Kedua, kalangan muda NU menemukan piranti baru untuk membaca tradisi secara kritis seperti yang diusulkan Al-Jabiri dan Hasan Hanafi. Dengan piranti itu mereka meyakini bahwa untuk maju tidak harus meninggalkan tradisi, tapi justru berangkat dari tradisi itu.
Ketiga, kepeloporan dan kepemimpinan Gus Dur merupakan hal yang tidak dapat dinafikkan. Dari pemikiran Gus Dur ini mereka kemudian mendengungkan istilah-istilah seperti pribumisasi Islam, Islam Nusantara, dan Islam Indonesia.
Protesnamisme Islam ala Muhammadiyah  
Menurut Mulkhan, gerakan reformasi keagamaan yang dicanangkan Muhammadiyah, pada tingkat tertentu, memiliki kemiripan dengan Reformasi Protestan di Eropa. Beberapa prinsip-prinsip dasar dari kedua gerakan ini yang menjadikan Saya berasumsi bahwa hal itulah yang menjadi dasar nalar Islam Muhammadiyah. Beberapa prinsip tersebut yaitu:
Pertama, Muhammadiyah mengajarkan tentang pentingnya skripturalisme dengan slogannya “kembali ke Al-Quran dan As-Sunnah.” Dengan demikian, Al-Quran dan As-Sunnah diletakkan sebagai sumber utama otoritas dan legitimasi.
Kedua, tidak adanya sistem perantara antara hamba dan Allah. Karena Muhammadiyah muncul di lingkungan budaya Jawa yang sinkretik, maka sistem reformasinya dapat dilihat dari usaha purifikasi Islam dari unsur magis atau yang lebih dikenal dengan TBC (takhayul, bid’ah, dan khurafat).
Ketiga, mendasarkan kehidupan pada kalkulasi rasional dan perilaku hidup asketis di dunia modern. Hal ini dapat dilihat dari konsep tasawuf modern yang dikembangkan oleh Hamka.
Keempat, spirit rasional diyakini sebagai sumber kemajuan. Untuk itu, Muhammadiyah memandang sikap taqlid sebagai sumber kemunduran/kemandegan dan harus diganti dengan tradisi pemikiran rasional dan independen (ijtihad).

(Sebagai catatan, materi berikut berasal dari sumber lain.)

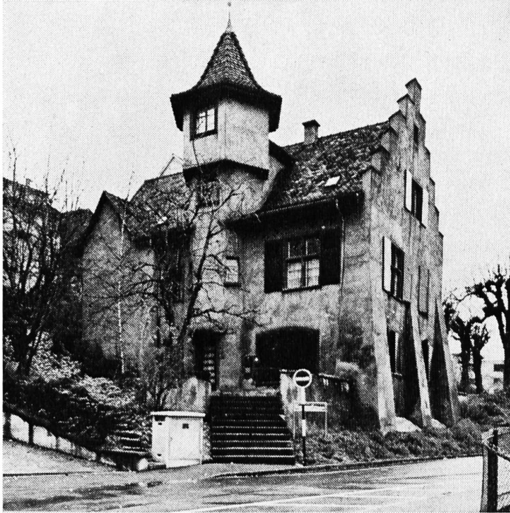
Das Holeeschloss vor der Restaurierung.

eines der Gundeldinger-Schlösser. Er lebte auf grossem Fuss, ging aber fromm zur Kirche, ja stellte sich gar einem der Kinder des ersten reformierten, über 73jährigen Pfarrers zu St. Leonhard als Pate. Erst drei Jahre nach seinem Tod, als die Erben 1559 untereinander Streit bekamen, wurde ruchbar, wen die Basler eigentlich aufgenommen hatten: Einen wohl sehr hochstaplerischen Sektenführer, der sich von seinen Anhängern als Prophet verehren liess und die gespendeten Gemeindegelder offenbar für seinen eleganten Lebensstil verwendete — dabei war er von Beruf ein einfacher, aber modisch schillernder Kunstmaler! So wurde David Joris nachträglich noch zum Feuertod verurteilt; seine Leiche wurde ausgegraben und vom Henker vor den Stadtmauern verbrannt — sehr zum Gespött der Andersgläubigen. Mit den Nachkommen waren die Basler Ratsherren indessen nachsichtig und zogen sie keineswegs «bis aufs Hemd» aus.
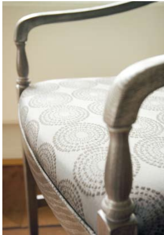
▲ Christiania skap i metallicbeiset eik B:93,5 D:53 H:207. Ammann armstol i metallicbeiset eik B:54 D:62 H:84,5. ▲ Eidsvold ovalt spisebord og Eidsvold småstol.
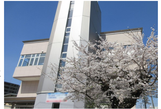
< 岩手県高校教育会館 外観 >

当法人は教育会館としては全国に類を見ない、高校・特別支援校の関係団体による公益財団法人です。今後とも公益財団としての使命を発揮し、岩手の教育の発展に寄与していきますので、引き続き皆様方のご理解とご支援をお願いいたします。
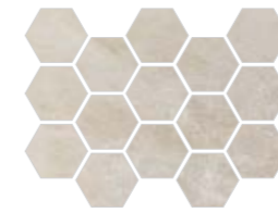
Malla Hex Lab. Naica 32,5x22,5
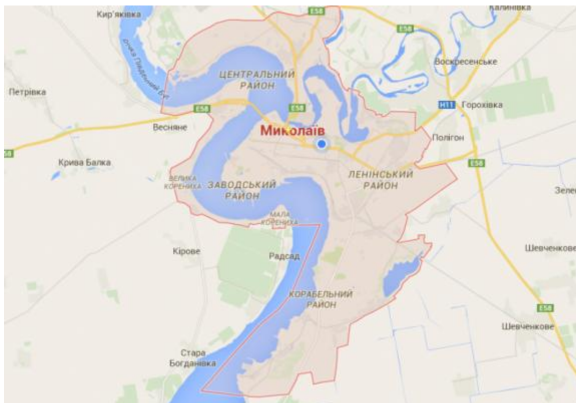
Рисунок 2.1 – карта міста Миколаїв

Місто Миколаїв — місто в Україні, обласний центр Миколаївської області, центр Вітовського і Миколаївського районів. Миколаїв розташований в Північному Причорномор'ї в гирлі річки Інгул, де вона впадає до Південного Бугу, за 65 кілометрів від Чорного моря. Це потужний політичний, діловий, індустріальний, науково-технічний, транспортний та культурний центр. Площа міста за даними голосного управління статистики в миколаївській області станом на 01.01.2019 складає 259,8 км 2 .
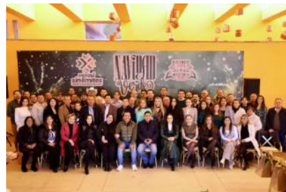
Convivio Navideño con los Integrantes del Gabinete Estatal.
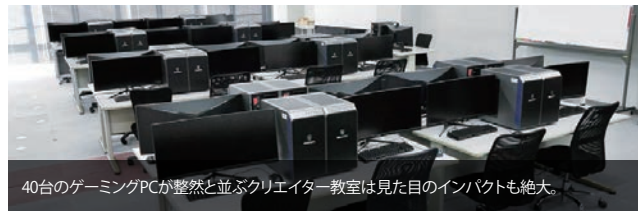
40台のゲーミングPCが整然と並ぶクリエイター教室は見た目のインパクトも絶大。

同校はクリエイター指向の高まりに合わせ、根本的なデザイン教育の増強を検討するなど、時代に合わせたカリキュラムと学習機材のブラッシュアップを続けていく。
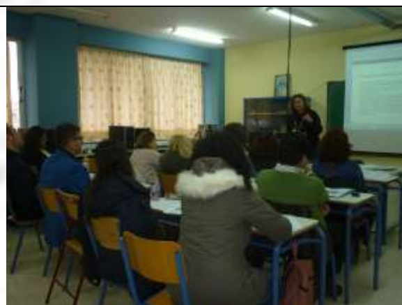
Εικόνα 1. ΣΥΝΕΡΓΑΣΙΑ ΜΕ ΤΟ ΚΕΝΤΡΟ ΠΡΟΛΗΨΗΣ ΟΔΟΙΠΟΡΙΚΟ Κ. ΠΕΛΕΚΑΝΑΚΗ 10-2-16
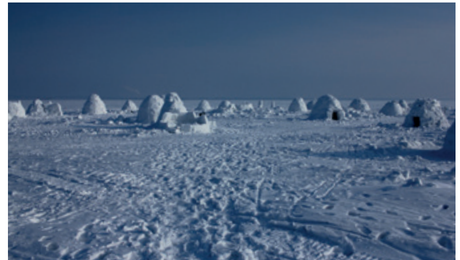
IGLU-SIEDLUNG DER INUIT IM NÖRDLICHEN POLARGEBIET
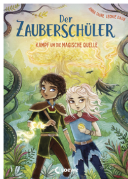
Der Zauberschüler (Band 4) - Kampf um die Magische Quelle
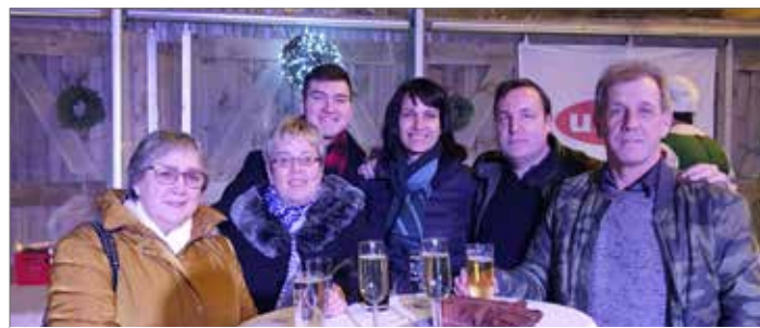
▲ N-VA goed vertegenwoordigd op de gezellige winterhappening van de lokale middenstand.
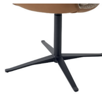
1071 Viersternfuß drehbar schwarz matt (gegen Aufpreis)
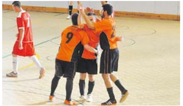
Un dels gols del FS Castellar marcats dissabte al Joaquim Blume.

tres jornades sense perdre. "Hem d'intentar quedar el millor possible, tenim molts equips amb pocs punts per sota nostre i si no competim fins al final baixarem moltes posicions" , assegura el tècnic. +
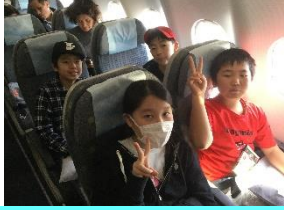
羽田空港からの飛行機
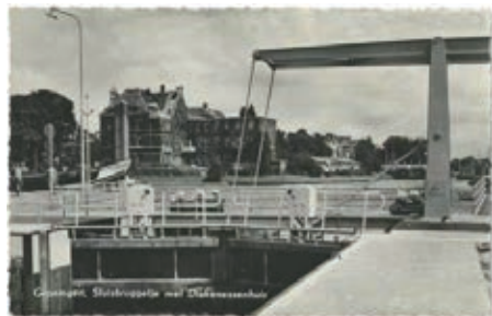
Rechts: sluis bij de zuiderhaven.

Nu de 'drukke' Aa-weg oversteken, nog tweehonderd meter tot de kleuterschool aan de Westerbinnensingel. Het is een oud gebouw, uit 1892 als 'bewaarschool' gebouwd, kleuterschool dus. Het ziet er een beetje uit als een kerk, met mooie kleurrijke mozaïken aan de muur. Daar hadden toen al Zwitsers de vingers in het spel: de bewaarschool werd volgens de voorstellingen van de Zwitserse pädagoog Wilhelm Fröbel ingericht. Daar-
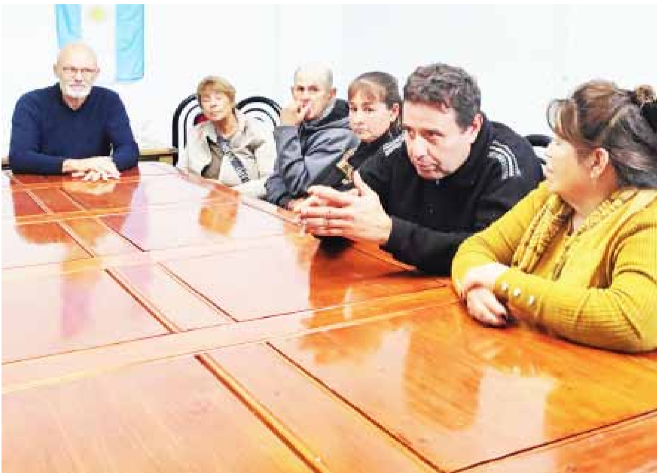
mercado bonaerense es nuestro propósito más

Sarraúa manifestó la importancia de crear este espacio de colaboración e intercambio, y convocó a todos los productores locales a sumarse a la Mesa: "Volcarlos al
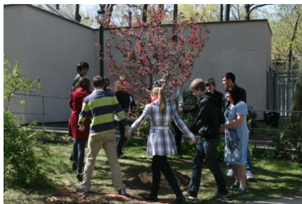
Хоровод как вокруг елочки
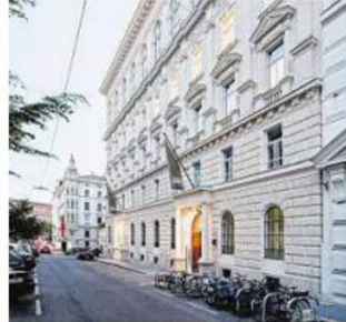
Telegraf 7 in Wien-Mariahilf. Büros in k. u. k. Telefonzentrale. Entwickler: Lehargasse 7. Architekt: BEHF
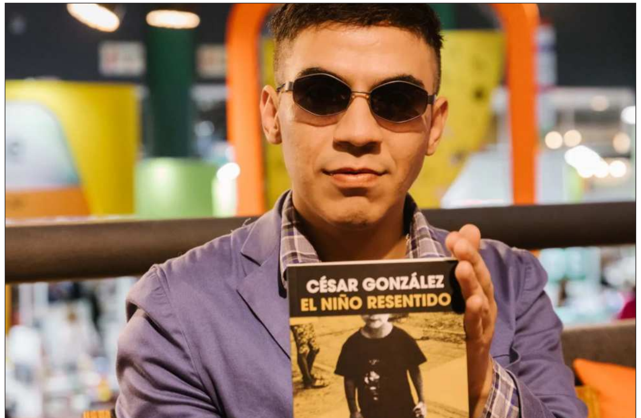
▲ La preocupación a la hora de retratar la marginalidad era intentar emular un lenguaje ajeno en la literatura.

La preocupación principal a la hora de retratar la marginalidad en Argentina pasó muchas veces por intentar emular un lenguaje que le es ajeno en la literatura y en las pantallas; en ocasiones, los guionistas y escritores compensaron su desconocimiento por el mundo popular exagerando sus usos y costumbres.

Di samping beberapa point di atas, secara umum buku karya Abdul munir Mulkan tersebut mencoba untuk menemukan kembali substansi ajaran Muhammadiyah sebagaimana yang digagas oleh pendirinya, KH. Ahmad Dahlan. Beberapa hal yang Saya dapatkan dari buku itu antara lain spirit Surat Al-Ma’un dan Ali Imron 104 sebagai inspirasi gerakan Muhammadiyah. Dari Al-Ma’un kemudian lahirlah kegiatan dalam bidang sosial kemasyarakatan seperti mendirikan sekolah, rumah sakit, panti asuhan, dan amal kerja Muhammadiyah lainnya. Selain itu, Ahmad Dahlan, jika dibaca dengan kondisi sosial-budaya yang melingkupinya, merupakan pelopor Islam liberal di Indonesia. Beberapa upaya yang dilakukannya merupakan sesuatu yang ganjil bagi masyarakat luas pada saat itu.
Saat ini, Muhammadiyah merupakan gerakan Islam terbesar yang terorganisir secara modern dengan unit kegiatan yang tersebar merata di seluruh kepulauan Indonesia. Adapun kecenderungan Muhammadiyah ke arah Wahabisme dan puritan, Menurut Mulkhan, dimulai sejak tahun 1927, seiring masuknya para lulusan Timur Tengah ke dalam organisasi ini. Pasca Muktamar 2005, sebagian besar anggota Muhammadiyah yang telah disusupi paham-paham impor dari Timur Tengah membentuk organisasi baru seperti PKS, Majlis Mujahidin Indonesia, Hizbut Tahrir Indonesia, dan Front Pembela Islam. Lahirnya organisasi tersebut lantaran mereka kecewa dengan PAN yang tidak menunjukkan gaungnya pada Pemilu 2004.
Pendapat Mulkhan di atas, khususnya terkait dengan kemunculan ormas-ormas Islam tersebut agak berbeda dengan pemahaman Saya selama ini. Yang saya tahu adalah bahwa maraknya ormas Islam beraliran Wahabi akhir-akhir ini sebenarnya sudah bercokol di Indonesia sejak era 1980-an. Hanya saja mereka tidak menunjukkan taringnya lantara sikap represif pemerintah Orde Baru kala itu. Setelah Suharto lengser, maka ormas-ormas tersebut berani tampil di permukaan. Mungkin saja, menurut Saya, selama masa Orde Baru para anggota ormas-ormas itu juga tercatat sebagai anggota Muhammadiyah. Muhammadiyah dijadikan sebagai tempat persembunyian mereka sekaligus menyebarkan paham salafi-wahabi ke dalam tubuh Muhammadiyah.

Dengan begitu, maka gerakan Protestanisme Islam ala Muhammadiyah saat ini lebih ke arah akidah karena kuatnya pengaruh Wahabi di dalamnya. Dalam bidang pemikiran, Muhammadiyah, khususnya generasi mudanya, masih tertinggal dari saudaranya, NU. Hanya dengan kembali ke semangat awal Muhammadiyah sebagaimana yang dilakukan oleh KH. Ahmad Dahlan-lah ormas ini akan menemukan jalan terbaiknya dalam merumuskan nalar Islamnya.
Waallahu a’lam
Sumber bacaan
Abdul Munir Mulkhan, Jejak Pembaruan Sosial dan kemasyarakatan Kiai Ahmad Dahlan. Jakarta: Kompas Gramedia. 2010.
Najib Burhani “Kritik Nalar Muhammadiyah: Pertanyaan dan Tantangan untuk Angkatan Muda Muhammadiyah” dalam Suara Muhammadiyah 21 Januari 2012.